Data records
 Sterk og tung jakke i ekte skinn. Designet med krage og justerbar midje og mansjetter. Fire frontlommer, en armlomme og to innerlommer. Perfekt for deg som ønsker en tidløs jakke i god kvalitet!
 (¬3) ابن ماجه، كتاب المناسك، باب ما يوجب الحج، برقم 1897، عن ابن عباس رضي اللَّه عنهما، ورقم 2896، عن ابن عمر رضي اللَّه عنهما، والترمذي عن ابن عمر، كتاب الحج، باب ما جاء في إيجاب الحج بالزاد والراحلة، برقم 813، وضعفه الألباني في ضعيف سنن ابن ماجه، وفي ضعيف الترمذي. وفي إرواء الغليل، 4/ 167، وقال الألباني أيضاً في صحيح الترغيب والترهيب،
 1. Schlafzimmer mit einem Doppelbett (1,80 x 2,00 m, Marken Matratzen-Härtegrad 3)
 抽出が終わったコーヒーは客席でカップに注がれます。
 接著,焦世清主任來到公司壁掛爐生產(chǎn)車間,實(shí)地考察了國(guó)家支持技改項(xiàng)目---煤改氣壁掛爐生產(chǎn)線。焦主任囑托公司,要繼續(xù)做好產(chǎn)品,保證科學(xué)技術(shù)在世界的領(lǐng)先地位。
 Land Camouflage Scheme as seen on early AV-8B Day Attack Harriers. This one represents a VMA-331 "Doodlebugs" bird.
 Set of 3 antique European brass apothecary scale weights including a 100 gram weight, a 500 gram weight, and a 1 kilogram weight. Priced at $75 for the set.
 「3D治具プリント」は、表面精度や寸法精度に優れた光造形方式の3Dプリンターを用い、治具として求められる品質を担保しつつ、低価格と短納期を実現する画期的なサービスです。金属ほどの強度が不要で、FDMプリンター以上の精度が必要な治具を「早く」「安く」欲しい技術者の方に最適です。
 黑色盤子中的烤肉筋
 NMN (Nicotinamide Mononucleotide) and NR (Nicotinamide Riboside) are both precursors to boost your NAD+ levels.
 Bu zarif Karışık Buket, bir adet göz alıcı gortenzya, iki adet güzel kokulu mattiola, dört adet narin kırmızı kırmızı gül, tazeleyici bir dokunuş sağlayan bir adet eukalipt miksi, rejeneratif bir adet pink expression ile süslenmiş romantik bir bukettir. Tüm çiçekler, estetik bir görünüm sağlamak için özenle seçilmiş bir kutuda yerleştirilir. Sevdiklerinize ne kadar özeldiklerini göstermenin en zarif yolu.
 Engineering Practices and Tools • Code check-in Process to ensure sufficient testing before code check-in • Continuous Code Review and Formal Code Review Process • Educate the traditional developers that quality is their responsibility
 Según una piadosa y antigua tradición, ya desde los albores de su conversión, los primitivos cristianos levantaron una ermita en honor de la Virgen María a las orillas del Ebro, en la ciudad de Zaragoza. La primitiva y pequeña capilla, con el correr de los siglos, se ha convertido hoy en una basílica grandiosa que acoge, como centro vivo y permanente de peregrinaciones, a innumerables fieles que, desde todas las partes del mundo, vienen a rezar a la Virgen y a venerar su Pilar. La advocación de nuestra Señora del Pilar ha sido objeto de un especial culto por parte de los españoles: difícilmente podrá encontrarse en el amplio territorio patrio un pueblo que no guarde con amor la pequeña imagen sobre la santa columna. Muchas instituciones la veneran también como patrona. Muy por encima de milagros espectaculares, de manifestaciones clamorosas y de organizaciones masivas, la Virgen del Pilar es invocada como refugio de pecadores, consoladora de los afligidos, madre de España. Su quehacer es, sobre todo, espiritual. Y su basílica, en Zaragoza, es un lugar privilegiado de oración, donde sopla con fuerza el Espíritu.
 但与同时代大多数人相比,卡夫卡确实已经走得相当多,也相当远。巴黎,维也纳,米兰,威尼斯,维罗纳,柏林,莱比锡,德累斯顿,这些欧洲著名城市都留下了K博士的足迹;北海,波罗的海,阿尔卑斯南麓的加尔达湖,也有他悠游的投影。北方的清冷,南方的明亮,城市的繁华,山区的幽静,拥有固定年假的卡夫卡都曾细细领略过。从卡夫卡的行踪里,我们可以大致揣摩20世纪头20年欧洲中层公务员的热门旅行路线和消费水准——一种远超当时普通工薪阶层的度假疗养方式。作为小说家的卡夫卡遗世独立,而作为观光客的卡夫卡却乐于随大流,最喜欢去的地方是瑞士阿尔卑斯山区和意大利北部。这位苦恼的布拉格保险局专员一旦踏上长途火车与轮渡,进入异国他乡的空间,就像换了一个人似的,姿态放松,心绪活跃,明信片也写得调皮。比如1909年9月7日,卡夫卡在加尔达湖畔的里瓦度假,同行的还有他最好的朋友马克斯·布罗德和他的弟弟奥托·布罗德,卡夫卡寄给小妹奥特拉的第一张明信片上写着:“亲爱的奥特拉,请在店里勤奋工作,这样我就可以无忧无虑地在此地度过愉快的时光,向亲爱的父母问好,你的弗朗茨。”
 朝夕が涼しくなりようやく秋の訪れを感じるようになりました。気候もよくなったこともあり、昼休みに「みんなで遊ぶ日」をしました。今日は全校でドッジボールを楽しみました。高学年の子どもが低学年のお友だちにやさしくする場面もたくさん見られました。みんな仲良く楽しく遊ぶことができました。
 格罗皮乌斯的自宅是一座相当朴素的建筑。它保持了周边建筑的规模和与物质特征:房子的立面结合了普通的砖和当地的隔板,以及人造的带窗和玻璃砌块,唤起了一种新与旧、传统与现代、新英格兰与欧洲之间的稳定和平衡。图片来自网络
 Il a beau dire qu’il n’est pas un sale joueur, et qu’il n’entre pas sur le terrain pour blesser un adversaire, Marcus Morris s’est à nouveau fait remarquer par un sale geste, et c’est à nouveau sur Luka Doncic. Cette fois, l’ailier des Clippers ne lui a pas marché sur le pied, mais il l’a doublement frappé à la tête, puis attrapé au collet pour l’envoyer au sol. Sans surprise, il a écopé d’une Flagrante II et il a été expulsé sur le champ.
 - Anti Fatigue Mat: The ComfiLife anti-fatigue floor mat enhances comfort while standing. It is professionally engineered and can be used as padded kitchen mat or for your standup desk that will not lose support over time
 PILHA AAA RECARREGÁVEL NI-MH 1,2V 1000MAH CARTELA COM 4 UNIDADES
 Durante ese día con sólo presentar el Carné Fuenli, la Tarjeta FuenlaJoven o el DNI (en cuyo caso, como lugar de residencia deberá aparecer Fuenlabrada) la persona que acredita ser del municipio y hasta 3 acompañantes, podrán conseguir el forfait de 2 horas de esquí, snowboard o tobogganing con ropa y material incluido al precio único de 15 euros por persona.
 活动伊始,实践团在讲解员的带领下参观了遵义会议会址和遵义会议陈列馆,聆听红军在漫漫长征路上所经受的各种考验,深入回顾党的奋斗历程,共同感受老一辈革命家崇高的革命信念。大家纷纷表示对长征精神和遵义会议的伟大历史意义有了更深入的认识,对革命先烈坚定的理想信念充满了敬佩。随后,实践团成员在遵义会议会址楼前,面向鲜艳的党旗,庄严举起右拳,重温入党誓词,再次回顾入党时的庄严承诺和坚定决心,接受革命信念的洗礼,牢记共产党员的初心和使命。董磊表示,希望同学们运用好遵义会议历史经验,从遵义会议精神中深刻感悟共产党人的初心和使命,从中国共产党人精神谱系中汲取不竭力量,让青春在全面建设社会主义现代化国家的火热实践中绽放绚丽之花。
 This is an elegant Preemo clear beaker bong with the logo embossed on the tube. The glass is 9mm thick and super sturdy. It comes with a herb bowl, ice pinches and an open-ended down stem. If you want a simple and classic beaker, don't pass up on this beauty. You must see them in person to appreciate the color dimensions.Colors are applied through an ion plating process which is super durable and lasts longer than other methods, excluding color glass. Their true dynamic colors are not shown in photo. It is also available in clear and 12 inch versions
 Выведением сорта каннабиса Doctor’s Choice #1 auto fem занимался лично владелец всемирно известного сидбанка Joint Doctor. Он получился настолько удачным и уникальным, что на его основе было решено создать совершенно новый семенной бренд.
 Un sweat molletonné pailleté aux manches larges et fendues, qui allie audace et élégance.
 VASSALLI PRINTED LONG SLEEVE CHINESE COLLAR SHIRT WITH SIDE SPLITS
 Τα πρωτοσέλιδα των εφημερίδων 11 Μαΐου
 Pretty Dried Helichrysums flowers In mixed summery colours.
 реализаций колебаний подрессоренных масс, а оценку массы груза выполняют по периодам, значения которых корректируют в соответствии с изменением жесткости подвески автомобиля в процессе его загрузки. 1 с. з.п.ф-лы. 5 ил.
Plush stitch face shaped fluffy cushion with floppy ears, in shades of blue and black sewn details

- REQUIREMENT -
Start with the line above that contains "Pretty Dried Helichrysums" and stop after the line that contains "реализаций колебаний подрессоренных". Output those lines exactly, and only those.

- RESPONSE TO THE EXERCISE -
 Pretty Dried Helichrysums flowers In mixed summery colours.
 реализаций колебаний подрессоренных масс, а оценку массы груза выполняют по периодам, значения которых корректируют в соответствии с изменением жесткости подвески автомобиля в процессе его загрузки. 1 с. з.п.ф-лы. 5 ил.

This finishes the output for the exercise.